К несчастью, Евины воспоминания об отце в первые недели после его смерти были убийственно ярки. Мортимер Франкл прожил свои зрелые годы в мятых пиджаках в косую клеточку и в заляпанных супом галстуках, Евин отец не раз получал увольнение или сам уходил из компаний по продаже автомобилей в Топике, Сент-Луисе, Крестед-Бьютте, Пасадине, Альбукерке. «Не знаю, чего ты ноешь, – нередко выговаривал ей отец. – Хоть мир увидишь. У меня в твои годы не было возможности начать все заново».

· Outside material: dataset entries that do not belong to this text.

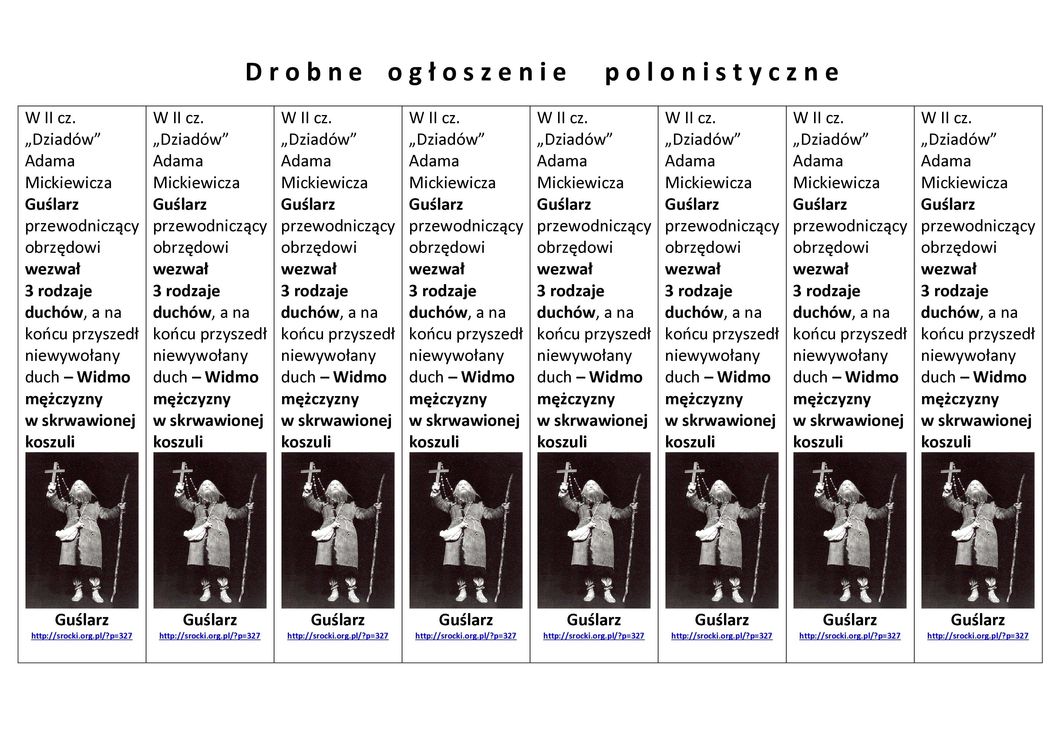 Polonistyczne ogłoszenie drobne - minipowtórka przed egzaminem 8-klasisty.
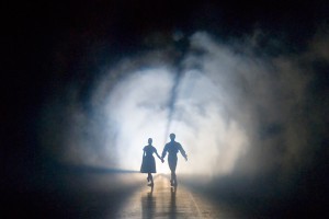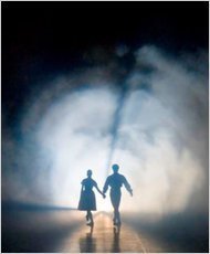 According to the program notes, Coppelius is a seducer, not at all the silly wobbling clown from the American productions. He tries to seduce Swanilda, who seems, from what I could tell of the onstage action, to be a bit taken by him, but only to a point. She and her girlfriends break into Spalanzani's toy factory, play with the toys – like in the American productions – but then Swanilda sees how taken Coppelius is with the outline of the doll Spalanzani is in the process of making, and for some reason, she decides to don the doll's costume and dance for Coppelius. It's unclear whether she is pretending to be the doll come to life – her movements aren't at all doll-like, as in the American productions. But at one point, things get too serious, Coppelius gets too impassioned with her, and she runs off, somewhat afraid of him. Then she accepts Frantz and the two end up together, their silhouettes wandering off into the tunnel of light, as in the photo above.
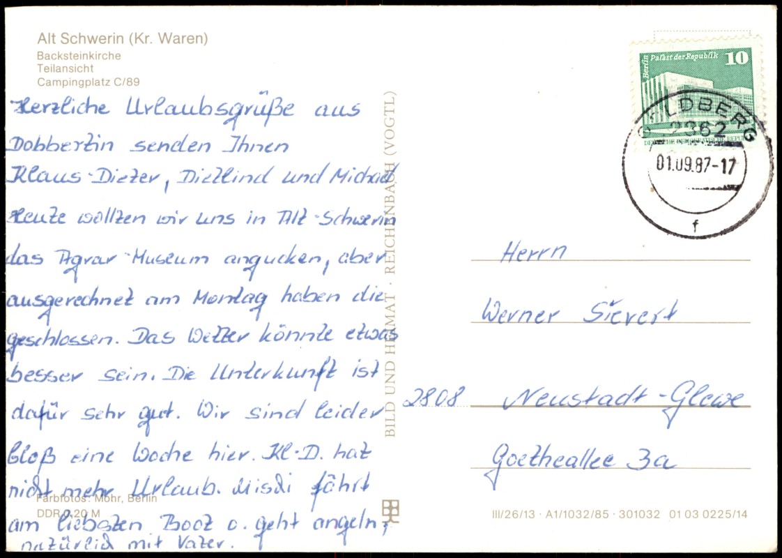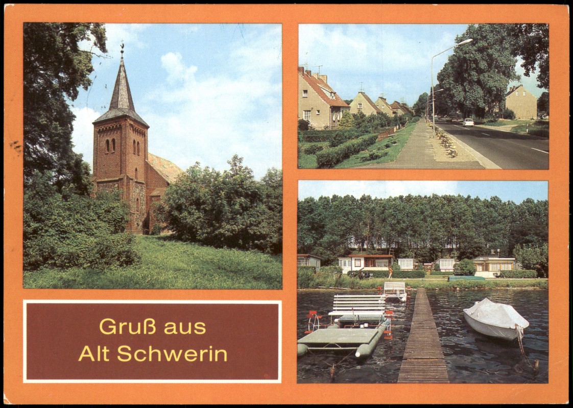 diese Karte können Sie hier kaufen:- Alt Schwerin DDR Mehrbild-AK mit Backsteinkirche u. Campingplatz C/89 1987/1985
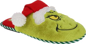 The holiday rush may leave your heart feeling three sizes too small, but your feet will be just right in this cushy faux-fur slipper depicting Dr. Suess' The Grinch. Match the whole family for festive, picture-perfect style that will have to back to singing with the Whos in no time.
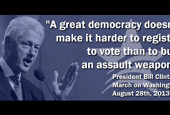 Bill is right. Registering to vote should be one of the easiest things to do in a democracy -- because the more people who are able to vote (and actually exercise that right), the better a democracy works. By the same token, it should be difficult to buy a gun -- and everyone who does so should have to submit to a background check.While it is good for a society to have everyone vote, it is not good for some people in that society to have access to a gun (and the Supreme Court has recognized that). Restricting those with a criminal record and those who are dangerously mentally ill from buying or owning a weapon is not a violation of the Second Amendment, and neither is restricting certain types of weapons from civilian ownership.
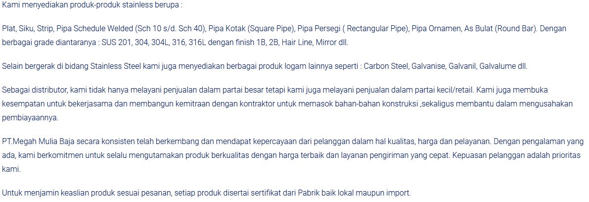 PT. Megah Mulia Baja Merupakan Perusahaan yang bergerak di bidang logam khususnya Stainless Steel, berlokasi dijakarta barat.
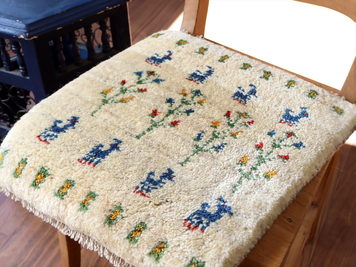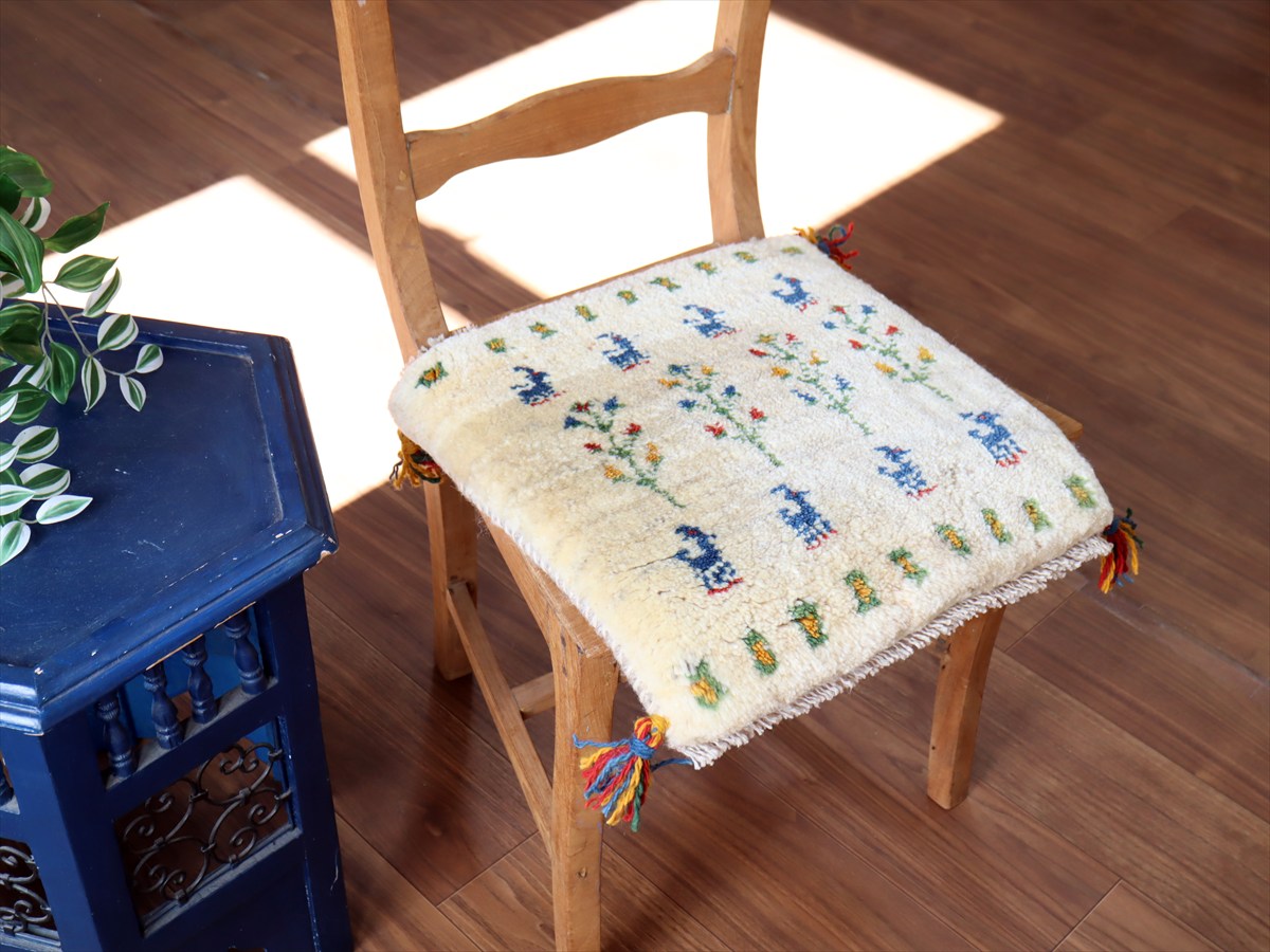 何枚も集めたくなる、40cm角の座布団サイズギャベ。四隅に大きなポンポンのついた、伝統的なスタイルで織られています。フローリングに並べて座布団がわりに使ったり、ベンチやダイニングチェアの座面など、使い方はいろいろ。壁にタペストリーのように飾るのもおすすめです。
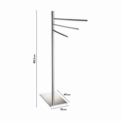 Durch seine Höhe von 68 cm kannst du auch große Dusch- und Badetücher über die Stangen legen. Sie haben eine Länge von jeweils 26 cm. Der stabile Handtuchhalter besteht aus verchromtem Edelstahl und kann mit einem Gewicht von bis zu 2,5 kg belastet werden. Mit festem Stand: Der Fuß hat die Maße 4 cm x 26 cm (B x T) und passt somit auch in kleine Nischen.

Заново? В то время как Франклы колесили по неопрятным, малолюдным городам и стерильным, бездушным пригородам, отец Евы оставался все тем же хмурым, дерганым мужчиной с сигарой во рту – разве что становился еще больше самим собой. Родители Морти – морщинистые, говорившие на идише работяги из Балтимора – судя по всему, знать ничего не хотели ни о сыне, ни о внучке. Отец и бродяжье детство научили Еву не ждать от жизни ничего, кроме одиночества, и именно так она и жила после похорон. Свободное время девушка проводила в великой пустыне, раскинувшейся к югу, – в бесконечности, где она могла быть совершенно одна. Ева даже немного влюбилась в эту колючую, потрескавшуюся, раскаленную местность и прилежно изучала ее красоты. Она посетила горное озеро Эрнст-Тинаха, прошла по туристической тропе в национальном парке, не раз ночевала в палатке в горах Чисос.

Мортимер Франкл обращался с дочерью, как со своей машиной – обременительным и капризным устройством, которое тем не менее ему приходилось использовать и содержать, – и Еве казалось невероятным, что еще какой-нибудь мужчина однажды согласится взвалить на себя такую тяжелую ношу. У Евы никогда не было парня, и ей бы и в голову не пришло искать его теперь. Позже Ева будет представлять, как бы она в конце концов одичала, если бы не решила однажды ночью посмотреть на так называемые огни Марфы на поросших жестким кустарником пригородных равнинах.

Эти светящиеся шары породили немало легенд. Предполагалось, что невозможно объяснить, почему ночью по пустыне бродят беспокойные сгустки света. Одни говорили, что это отражения, другие – что это электричество, большинство считали их природу сверхъестественной.

Ева приехала на смотровую площадку – парковку у трассы 90 – сразу после полуночи. Там уже собралась небольшая толпа. Целый час они стояли, вглядываясь в окутанную дымкой пустыню и слушая стук проходивших мимо поездов, но огни все не появлялись.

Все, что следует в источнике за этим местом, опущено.